MARIAGE(S). HYMENEE. LA NOCE

Article publié dans la Lettre n° 250


MARIAGE(S). HYMENEE de Nikolaï Gogol et LA NOCE d’Anton Tchékhov. Mise en scène Anne-Marie Lazarini avec Judith d’Aleazzo, Bruno Andrieux, Jacques Bondoux, Hervé Bourde, Jennifer Catelain, Catherine Chauvière, David Fernandez, Dominique Gras, Claude Guedj, Isabelle Mentré, Michel Ouimet, Dimitri Radochévitch, Andréa Retz-Rouyet.

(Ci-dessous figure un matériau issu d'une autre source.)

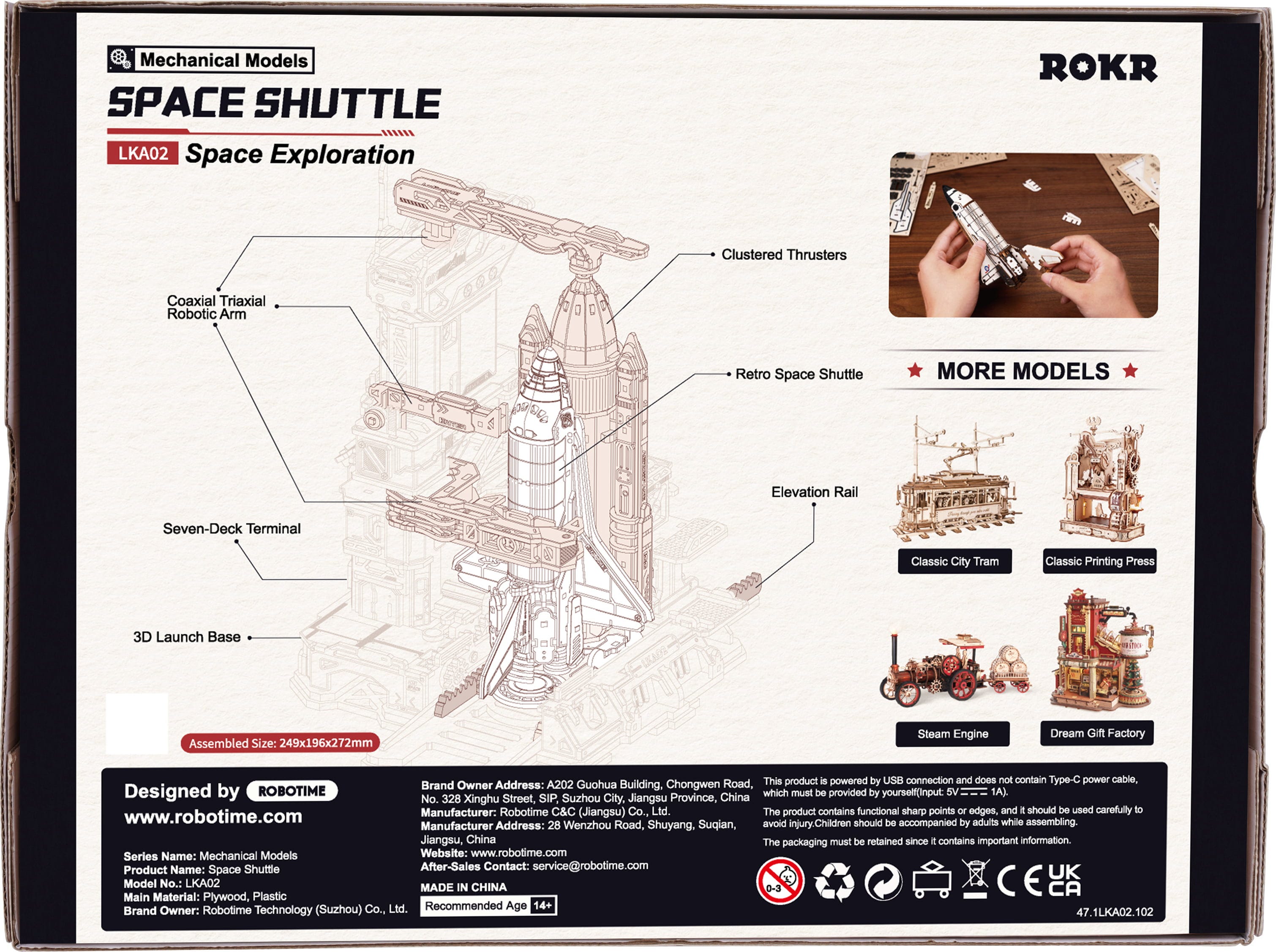 T-10, T-9, T-8 … Med ROKR Space Shuttle bygger du inte bara en raket – du iscensätter en uppskjutning. Detta avancerade 3D pussel återskapar den ikoniska shuttle-eran hemma hos dig och visar en komplett startsekvens: från horisontellt placerad orbiter till upprest startposition redo för färd mot rymden.

Podkoliossine a plus que l’âge de se marier mais prolonge paresseusement son célibat par crainte de s’engager. Fiokla, la marieuse et Kotchkariov, son meilleur ami, vont s’employer à lui faire épouser Agafia, fille de commerçants. Ce conseiller à la cour est un bon parti mais la jeune fille, dotée et courtisée par plusieurs prétendants, peut se permettre de choisir. En différant toujours son engagement, le personnage principal d'Hyménée ressemble à Gogol, retardant maintes fois le moment d'achever ses pièces. Ecrit de 1833 à 1842, ce «sujet innocent dont un commissaire de police ne s’effarouche pas» est la quatrième version de l’auteur qui, perpétuellement insatisfait de ses œuvres, a l’habitude de les brûler et de les recommencer. Il la place dans son époque et décrit avec causticité et sans aménité des personnages petits et mesquins. Pas d’intrigue savamment argumentée, juste une satire de certaines classes de la société et en particulier de celle des fonctionnaires que Gogol connaît bien, pour en avoir fait partie durant sept ans. Il met en relief avec réalisme la médiocrité des personnages et malmène une institution où les intérêts matériels dépassent de loin l’expression des sentiments.
La Noce la prolonge subtilement, même si ce lever de rideau fut écrit un demi siècle plus tard. Podkoliossine, dans la peau d’Aplombov, se marie. Les boutiquiers substituent les fonctionnaires. La table est dressée, les convives se montrent bruyants et hâbleurs, le général, indispensable à toute noce, est présent. Tout le monde trompe tout le monde. Oeuvre beaucoup plus courte que la précédente, la dérision et l’ironie qui s'en dégagent ne sont appréciées que remises dans le contexte de la Russie de la fin du XIXe. Anton Tchékhov l’a écrite en quelques heures en pensant aux mariages organisés dans l’appartement situé au-dessus du sien, loué à cet effet. Fin observateur de ses contemporains, il n’a eu aucun mal à décrire un monde qui rejoint celui de Gogol, uniquement préoccupé par l’argent et les apparences. La satire du mariage cède la place à celle du banquet, comédie burlesque assez fellinienne, au comique très visuel, qui ne manque ni de démesure ni de folie. Anna-Marie Lazarini, grande spécialiste de l’âme russe, restitue avec maestria dans sa mise en scène, le mode de vie de certaines classes d’une société sur le déclin. Elle est suivie par des comédiens chevronnés qui passent avec art d’un rôle à l’autre, servis par des décors très étudiés. Théâtre Artistic Athévains 11e (01.43.56.38.32).